Une installation photovoltaïque de moins de 3 kWc raccordée au réseau doit être déclarée à Enedis, y compris en autoconsommation totale sans injection. Selon l’emplacement, une déclaration préalable en mairie peut aussi être nécessaire. Le choix entre zéro injection et vente du surplus détermine ensuite la convention, le raccordement et les justificatifs à fournir.
Vous venez de poser quelques panneaux sur un toit ou un garage, et une question arrive vite : faut-il déclarer ses panneaux photovoltaïques sous 3 kWc ? Beaucoup de particuliers confondent la déclaration en mairie, celle auprès du gestionnaire de réseau et les formalités de vente du surplus.
En 2026, une petite puissance ne supprime pas les démarches. Enedis impose la déclaration de l’autoconsommation totale même sans injection. La suite dépend de votre choix d’injecter ou non et de la nature des travaux électriques. Voici l’ordre pratique, puis les points de budget, d’aides et de rentabilité à vérifier.

Faut-il déclarer une installation solaire de moins de 3 kWc à Enedis ?

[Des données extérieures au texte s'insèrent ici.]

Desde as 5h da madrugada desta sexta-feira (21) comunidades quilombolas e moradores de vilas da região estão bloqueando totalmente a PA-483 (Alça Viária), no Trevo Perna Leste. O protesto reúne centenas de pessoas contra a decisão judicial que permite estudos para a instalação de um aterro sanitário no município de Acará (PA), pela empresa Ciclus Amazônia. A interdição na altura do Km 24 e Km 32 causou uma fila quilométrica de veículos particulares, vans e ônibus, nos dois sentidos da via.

Oui. Une installation de production raccordée à votre installation électrique doit être déclarée à Enedis, même lorsque vous consommez toute l’électricité sur place et bloquez toute injection vers le réseau. Autrement dit, l’idée d’une autoconsommation sans déclaration est trompeuse dès lors que le système fonctionne en parallèle du réseau public.

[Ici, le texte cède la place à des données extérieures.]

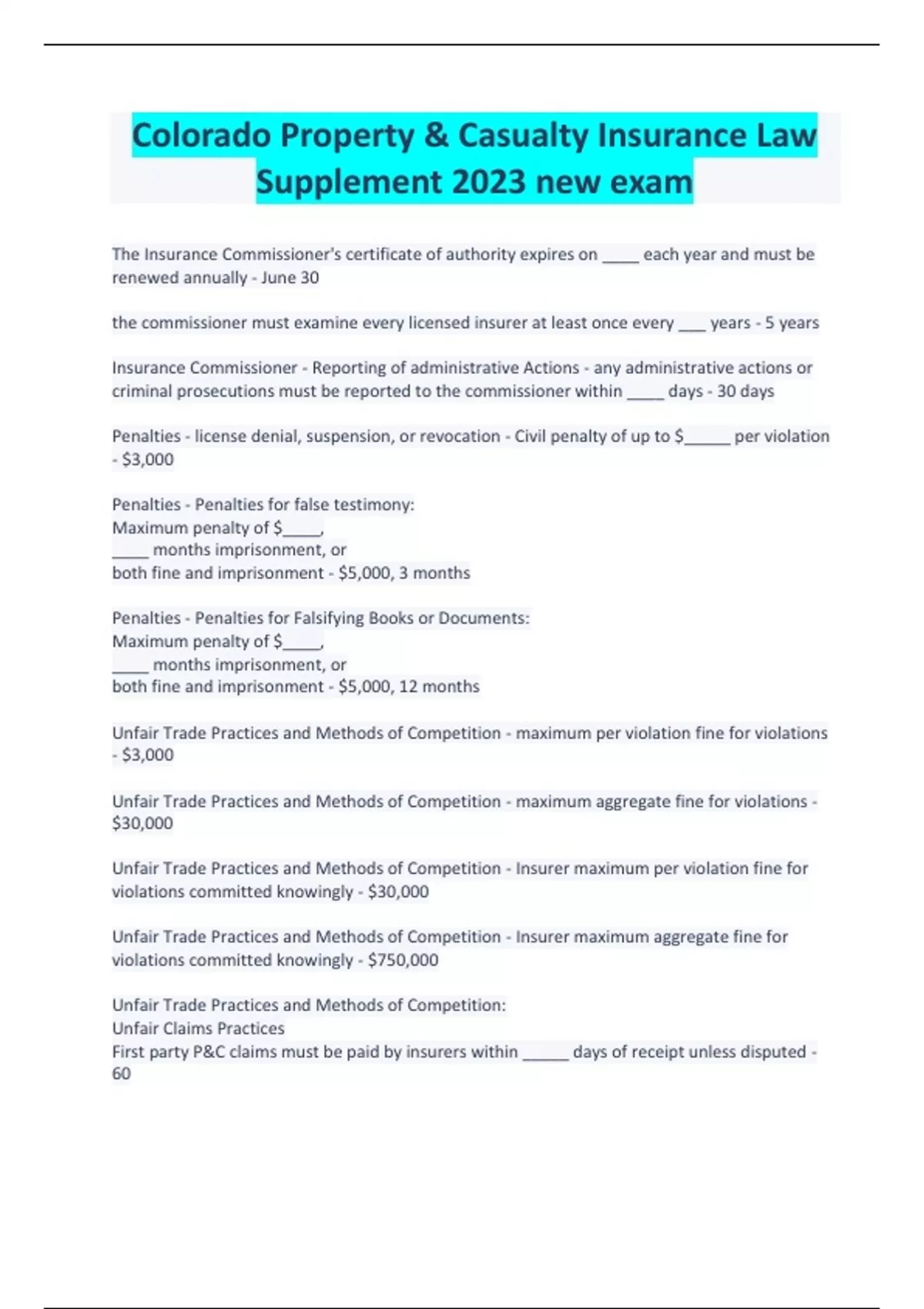 bundled solutions for Colorado Property & Casualty Insurance |2023 latest update with verified A+ solutions |

Étape 1. Vérifier d’abord la déclaration de panneaux solaires en mairie
Sur une toiture existante, la modification de l’aspect extérieur conduit généralement à une déclaration préalable de travaux. Un dossier complet est normalement instruit en un mois, avec un délai différent possible en secteur protégé. Pour des panneaux au sol, les seuils varient selon la puissance, la hauteur et la localisation. Vérifiez le PLU avant la pose.

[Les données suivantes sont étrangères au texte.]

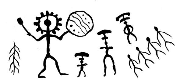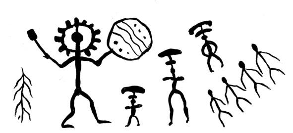 Невысокий шаман хрупкого телосложения не носил камни, а перемещал их по воздуху мановениями своей руки. При этом он дул в небольшой свисток, издававший высокие, почти неслышимые уху звуки. Когда работа была закончена, шаман прошёл по лабиринту и неожиданно в его центре взлетел на полметра над поверхностью земли. Что-то ему, видимо, не понравилось, и строитель лабиринта поменял местами несколько камней. Пройдя ещё раз между каменных спиралей, он поднялся уже метра на три и, видимо, остался доволен своим творением — порталом для перемещения души в верхние миры.
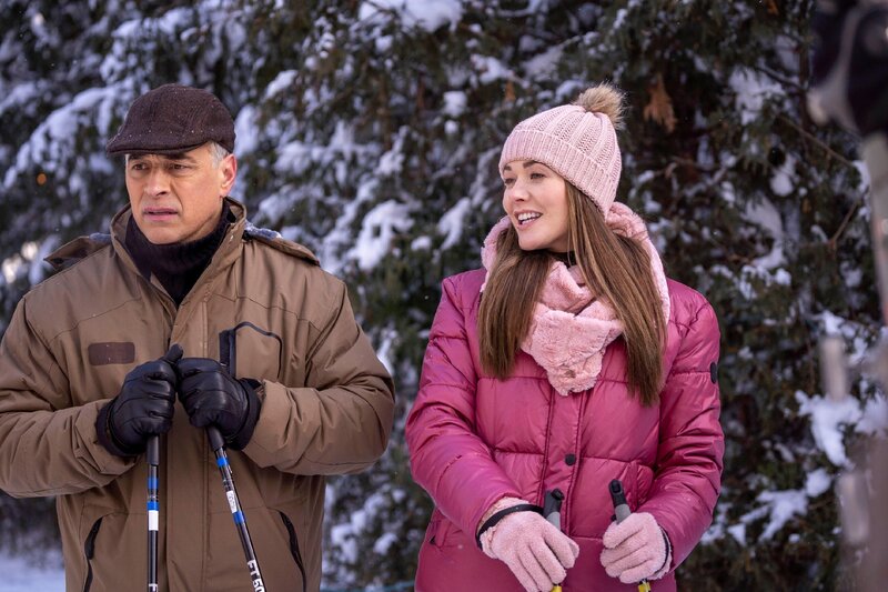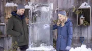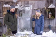 Hannah Fisher (Jocelyn Hudon, mi.) arbeitet in einem Reisebüro und soll sich zu Recherchezwecken in den Norden Kanadas begeben, um sich das berühmt berüchtigte Eishotel anzuschauen. Der Besitzer und Designer des Hotels Ben Wade (Steve Lund, li.) und Hannah mögen sich auf Anhieb gern, doch bevor es zu einem Happy End für die Beiden kommt, richtet Hannah einigen Schaden an. Sie ist jedoch stets mit tollen Ideen dabei, ihre Missgeschicke wieder gut zu machen. Beruflich planen die beiden Verliebten Bens nächstes Projekt - ein Eishotel in Finnland.Bild: © TVNOW / petr maur

Étape 2. Déclarer l’installation sur Enedis Connect
La déclaration d’autoconsommation passe par Enedis Connect. Préparez l’adresse, la puissance, les références des équipements et les pièces demandées. Le dossier doit refléter votre usage réel : autoconsommation totale, injection gratuite lorsqu’elle est admise, ou vente du surplus. Une faible puissance ne dispense pas de formalités.
Étape 3. Choisir entre zéro injection et injection du surplus
Pour une déclaration d’autoconsommation sans injection, Enedis demande l’acceptation de la Convention d’Autoconsommation Sans Injection, ou CACSI. Cette convention formalise notamment la puissance, l’adresse et l’engagement à ne pas injecter. Si vous souhaitez vendre le surplus, la démarche devient une demande d’accès au réseau et de mise en service en injection ; le contrat d’achat et le cadre de raccordement doivent alors être cohérents avec votre projet.
Étape 4. Fournir le Consuel ou le justificatif adapté
Le Consuel est requis lorsque les travaux modifient le circuit électrique existant ou lorsqu’une batterie est ajoutée. Enedis prévoit des dispenses pour certains équipements plug and play déjà assemblés et conformes à la norme indiquée. Conservez notices, attestations et schémas pour simplifier la déclaration de panneaux solaires en autoconsommation.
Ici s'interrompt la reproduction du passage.